It’s not my place to say, not having mastered any of those forms. But my gut tells me that from the senior practitioner’s perspective, the answer will depend very much on how they perceive their chosen domain of endeavor. In martial arts terms, do they think of themselves as practicing a 道 or a 術?
Perhaps I’m wrong, but I don’t imagine the practioners of an “art” particularly minding if their methods are abstracted and represented as machinic instructions, especially if in pragmatic terms it means the survival of their art and the continuing relevance of their contributions to it. But I do, very much, anticipate resistance on the part of those who conceive of what they do as a “way,” as a spiritual practice.
The possible exception, I suppose, would be those masters who share the perspective of the Heart Sutra — that is, that there is no “subject” of a spiritual practice, properly understood, and therefore that any possible distinction between human and posthuman sentiences enacting it is invidious.

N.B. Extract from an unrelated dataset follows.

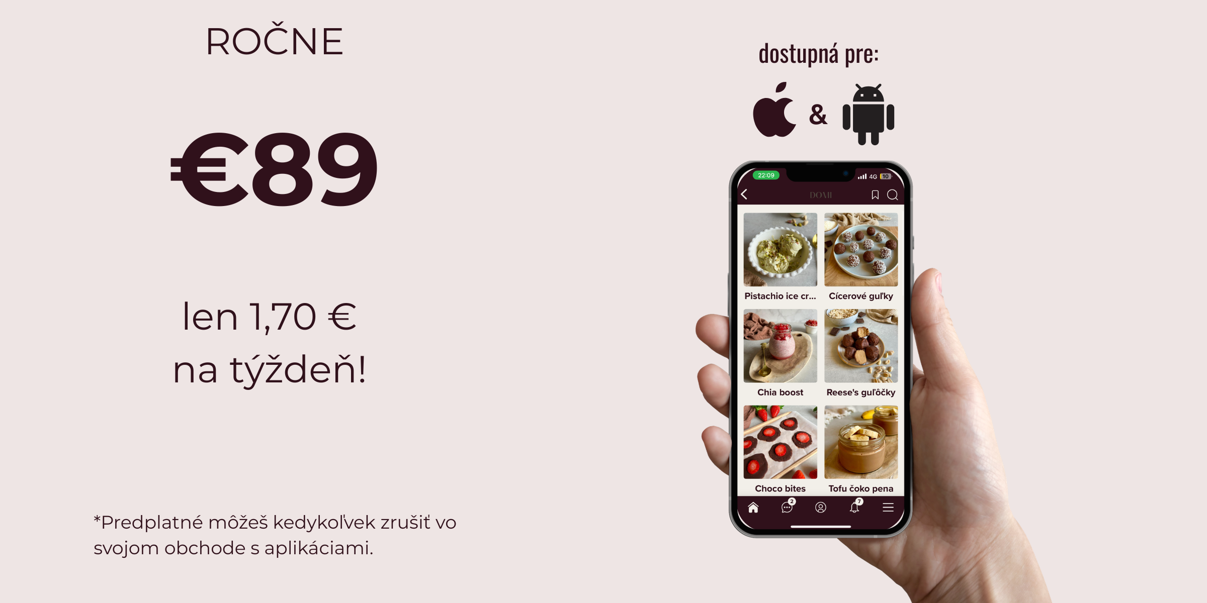 Veríme, že je to deal storočia. Za 9,90 € mesačne alebo 89 € ročne dostaneš všetko: video tréningy, video recepty, podcasty, vedené meditácie, blogy založené na najnovších vedeckých poznatkoch, štruktúrované kurzy, motivačné výzvy, exkluzívne benefity, priamy kontakt, dopravu zadarmo a silnú, podporujúcu komunitu. A to najlepšie? Aplikácia sa zlepšuje každý deň, vďaka tebe.

Everyday I read about tech moguls being obsessed with emotional spaces like Burning Man, LSD usage, “cuddle orgies” or whatever the hell you’d call this trend from the New York Times. Why do tech workers (or perhaps just moguls) build “machines” and systems that tag, categorize and segregate reality but celebrate hedonism and unstructured creativity in their personal lives? Why do they want freedom and lack of structure in their own lives, but abhor this in the systems they build?
I have two answers, one perhaps kinder than the other.
The straightforward, if unkind, way of answering is to observe that a great many of the figures at the heart of our present technosocial revolution grew up fairly nerdy, with everything that then implied about self-esteem and social confidence. They may, indeed, have been drawn to technology because it presented itself to them as a realm governed by reason, logic and order, in sharp contrast to the fickle, unpredictable, unjust world of social interaction. But now that they’ve acquired a little capital, worldly power and recognition, and the self-confidence that goes hand-in-hand with them, they find that they’re better able to manage the pressures of the social world. They want to explore all the possibilities that have opened up for them, and most particularly the access to sensual pleasure they’re newly afforded.
And this can express itself with an almighty vengeance at SxSW, or still more so Burning Man. Everybody goes a little nuts their first time at an event like that, especially if they experience it for the first time as an adult, and nothing in their previous life has prepared them for it. I think what you’re seeing is simply what happens, predictably enough, when you combine temporal power, long banked-up desire and sudden disinhibition. The New Age trappings are just window dressing, scene-setting or priming for what they really want to do, which is Get Down.
A more charitable way of answering, though, is to point out that digital systems are still founded on a binary logic that both requires precision in its inputs and renders it in its productions. That logic renders reality in discrete intervals, which is astonishingly effective as a way of ordering the world so its contents can be instrumentalized or operationalized, but is pretty limiting as a mode of being. The world, by contrast, is continuous, or at least quantized at a level many, many orders of magnitude beneath our ability to perceive it. So looked at through a different, more generous lens, what your tech moguls are doing when they take a few hits of ecstasy and dissolve into a cuddle puddle on the floor of a friend’s loft is redressing an imbalance in their lives that they may or may not be consciously aware of. Seen this way, they’re giving themselves over to a rich, continuously variable reality of sensation and flow, precisely because their everyday experiences deprive them of such opportunities.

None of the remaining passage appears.